POSTER ARTIST | MICHAEL SCHWAB
You’ve seen them all across San Francisco in recent weeks — striking posters featuring a wavy-haired female vocalist silhouetted against a fiery orange background. The image for this year’s Fillmore Jazz Festival poster and street banners was created by Marin artist Michael Schwab, one of the country’s leading graphic artists. His dynamic posters and logos for the Golden Gate National Parks, Major League Baseball, America’s Cup, Amtrak, Robert Mondavi, Peet’s Coffee, the San Francisco Opera and Nike, among many others, are icons of our time. Schwab talked about creating his third Fillmore jazz poster with ARThound editor Geneva Anderson.
What makes a really effective poster? And why are so many posters today so bad?
Simplicity. There’s way too much visual noise out there. Graphic messages are conveyed much more effectively when the design is simple, bold and efficient.
You’ve had a long involvement with the Fillmore Jazz Festival. What is it about jazz that lends itself to visual expression?
I love all kinds of music, but jazz in particular inspires me. I love this project because I’ve had complete freedom to do whatever I want. The bass player I created eight years ago was my first Fillmore jazz poster and I envisioned him as a Ray Brown-like bass player. If you’re driving down the street, you’ve only got a second or two to get the message, so I wanted to evoke the romance and history of jazz in the Fillmore.

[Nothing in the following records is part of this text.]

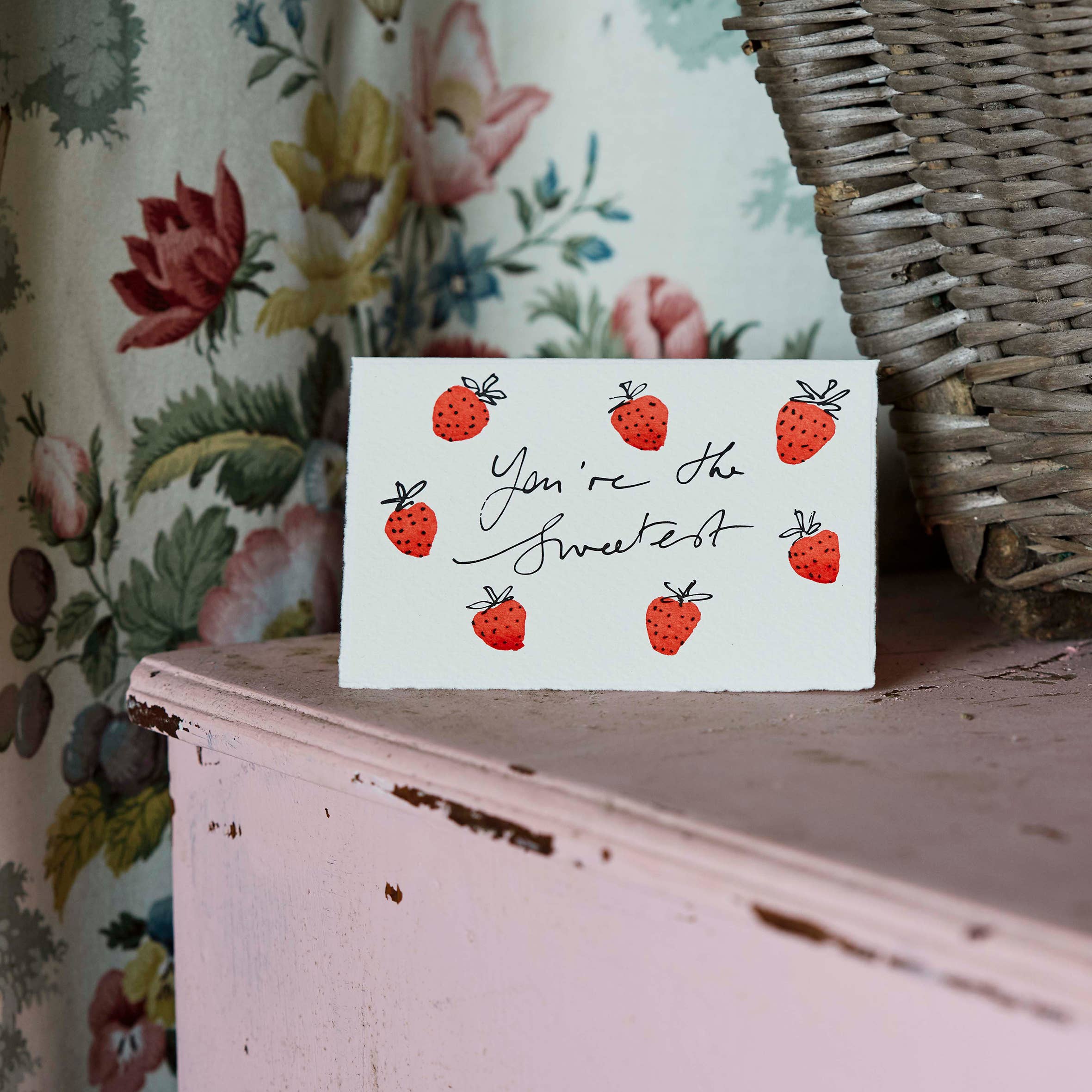 Introducing our sweet strawberries, fun and versatile, created from an original dip pen drawing, letterpress printed in black ink and individually hand-painted with to make a delicious design that will work for thank yous and notes, as well as for loved ones.
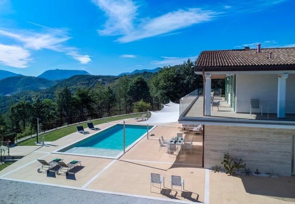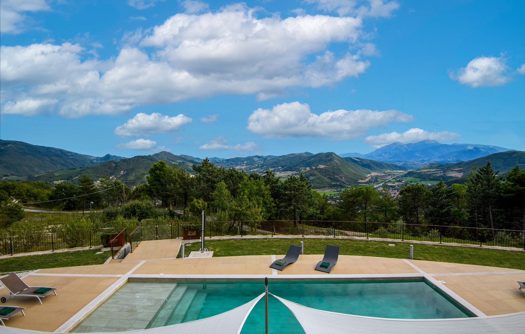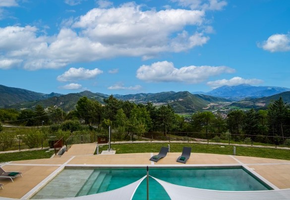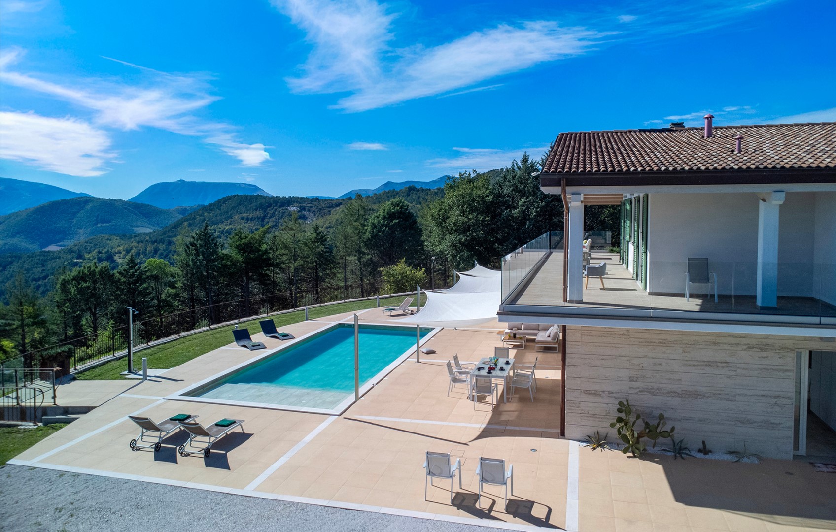 STRUTTURA PRIVATA (solo locazione). Dimora Montefalcone è una villa contemporanea e unica nel suo genere, dotata sia di piscina interna che esterna. Situata in posizione rialzata nei pressi di Acqualagna, è circondata da prati, alberi e da una vista panoramica sulla campagna e sulle montagne in lontananza.
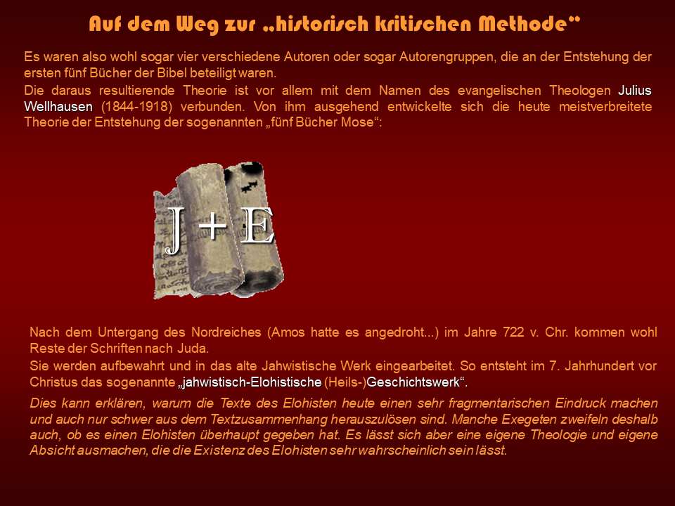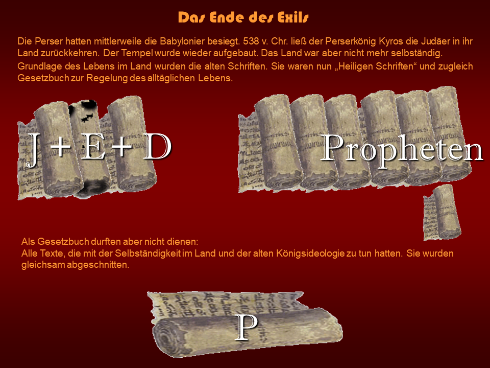 - wie das zu verstehen ist, dass die fünf Bücher Mose kaum von Mose selbst geschrieben wurden.

Four years later they called me again. At the time I was really into Miles Davis and was playing Ascenseur pour l’échafaud, his soundtrack for the Louis Malle film, a lot. I made a Miles Davis-esque horn player. I wanted a really cool color so I went with a deep blue that evokes that late evening jazz atmosphere that’s so special on Fillmore. Now, four years later, I realize I’ve been slowly creating my own jazz band. It was time for a singer — and a woman.
What was your conception for this year’s poster?

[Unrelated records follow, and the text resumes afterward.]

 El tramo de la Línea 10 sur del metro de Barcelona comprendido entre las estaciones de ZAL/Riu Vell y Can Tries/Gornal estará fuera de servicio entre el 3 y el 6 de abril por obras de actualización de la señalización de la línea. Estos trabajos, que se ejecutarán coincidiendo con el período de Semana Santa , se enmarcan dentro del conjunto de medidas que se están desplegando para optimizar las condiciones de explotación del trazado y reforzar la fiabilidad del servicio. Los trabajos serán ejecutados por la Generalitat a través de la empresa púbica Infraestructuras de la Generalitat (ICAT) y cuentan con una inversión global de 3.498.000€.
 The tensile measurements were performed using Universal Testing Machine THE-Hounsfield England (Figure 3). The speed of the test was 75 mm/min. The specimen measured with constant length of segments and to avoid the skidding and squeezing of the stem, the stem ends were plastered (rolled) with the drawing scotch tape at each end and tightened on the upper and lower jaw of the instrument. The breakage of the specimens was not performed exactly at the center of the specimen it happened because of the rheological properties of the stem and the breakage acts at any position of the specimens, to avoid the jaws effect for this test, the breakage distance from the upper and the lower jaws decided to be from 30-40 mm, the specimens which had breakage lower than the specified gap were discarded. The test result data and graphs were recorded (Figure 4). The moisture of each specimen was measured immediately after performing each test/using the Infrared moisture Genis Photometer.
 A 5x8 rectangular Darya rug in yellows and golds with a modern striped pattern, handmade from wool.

I was inspired by the great romance of Billie Holiday. Initially I had just the singer in silhouette and then I realized that she needed a microphone, which was the last element I added. That old-fashioned microphone, which harkens back to the 1940s and ’50s, really pulled it all together. It often happens that way — that adding something relatively small becomes very important.

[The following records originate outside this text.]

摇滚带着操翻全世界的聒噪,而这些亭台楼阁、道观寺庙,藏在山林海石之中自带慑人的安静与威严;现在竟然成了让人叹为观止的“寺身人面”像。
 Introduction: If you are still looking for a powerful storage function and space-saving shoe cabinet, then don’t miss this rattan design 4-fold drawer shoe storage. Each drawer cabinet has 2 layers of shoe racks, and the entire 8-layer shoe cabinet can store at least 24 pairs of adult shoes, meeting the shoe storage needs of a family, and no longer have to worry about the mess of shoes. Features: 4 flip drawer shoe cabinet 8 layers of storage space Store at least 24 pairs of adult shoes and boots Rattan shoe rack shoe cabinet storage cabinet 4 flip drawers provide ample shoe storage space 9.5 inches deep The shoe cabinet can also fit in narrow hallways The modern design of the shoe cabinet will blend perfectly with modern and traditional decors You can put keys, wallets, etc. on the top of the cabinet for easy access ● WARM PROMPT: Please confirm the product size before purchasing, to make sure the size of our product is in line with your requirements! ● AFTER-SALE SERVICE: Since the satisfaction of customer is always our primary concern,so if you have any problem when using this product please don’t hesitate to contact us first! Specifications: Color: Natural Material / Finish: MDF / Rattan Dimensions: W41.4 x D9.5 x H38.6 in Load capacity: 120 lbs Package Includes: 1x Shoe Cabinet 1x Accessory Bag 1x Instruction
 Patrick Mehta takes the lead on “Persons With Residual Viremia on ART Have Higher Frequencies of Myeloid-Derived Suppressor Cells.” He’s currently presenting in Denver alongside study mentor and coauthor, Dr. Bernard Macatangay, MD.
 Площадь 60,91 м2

What types of source materials do you normally use? Also, since this year’s festival is all about women of jazz, who do you listen to for inspiration?
When appropriate, I work with models — human or otherwise. I pose and shoot my own photos. In this case, there was a model I’d used a while back and I was able to piece together a few Polaroids and work from that. I wanted the hands to be special, and they’re actually my wife Kathryn’s hands. As for female vocalists, it doesn’t get any better for me than early Diana Krall.
And what about your bold colors — how did you decide what to go with?
Not all jazz is blue and cool. This time I wanted a color that complemented the other two posters and this bold orange red represents the hot side of jazz. The flat color tones make the images, which are already abstracted by the silhouette, seem mysterious, almost two-dimensional. I wanted all three posters to become a triptych and to work well together.
Your font is very expressive. What goes into its style, size and positioning?
It’s a hand-lettered, custom font that I created. I use it for most of my projects because it has a retro-American personality. As for the size and positioning, that’s all tweaked carefully after the initial image has been created.
There is a nostalgic aspect to these images as well, harkening back to old woodcuts.
Several of my heroes were Japanese woodcut artists and old European poster artists — Henri de Toulouse-Lautrec and A.M. Cassandre from France, Ludwig Holwein from Germany and the Beggarstaff Brothers from England. There’s a lot of graceful movement as well as drama in those works. I was never very painterly in my style. I enjoy working with big bold shapes and challenge myself to get a message across using as few shapes and colors as possible. I’ll keep working with the colors, combining them and fine-tuning, until they’re right to me. Then it’s a matter of getting the image and text to work together effectively. I really enjoy these jazz posters because I can get very dramatic with them. Speaking of old-school, I begin each project with a pencil and paper and use a Rapidograph pen and ink to create the line work. In the end, though, it becomes a digital file so I’m speaking the same language as everyone else.
What’s the first poster you made and what are a few of your personal favorites?
My first professional poster was for Levi’s, back in 1975. I’ve been a graphic artist now for almost 40 years and I’ve had a few home runs. The images for the Golden Gate parks and Amtrak are favorites. I feel very good about some of the logos—the Robert Mondavi corporate logo, Pebble Beach, David Sedaris. I love all of the Fillmore Jazz and San Francisco Opera posters. Frankly, my current favorite is always the one I’m working on. It becomes my child.
What are you working on now?
I just finished the logo design for the San Francisco Bay Area Super Bowl 50 Host Committee for 2016. It’s a gold seal design — a silhouette of a football and the Golden Gate Bridge.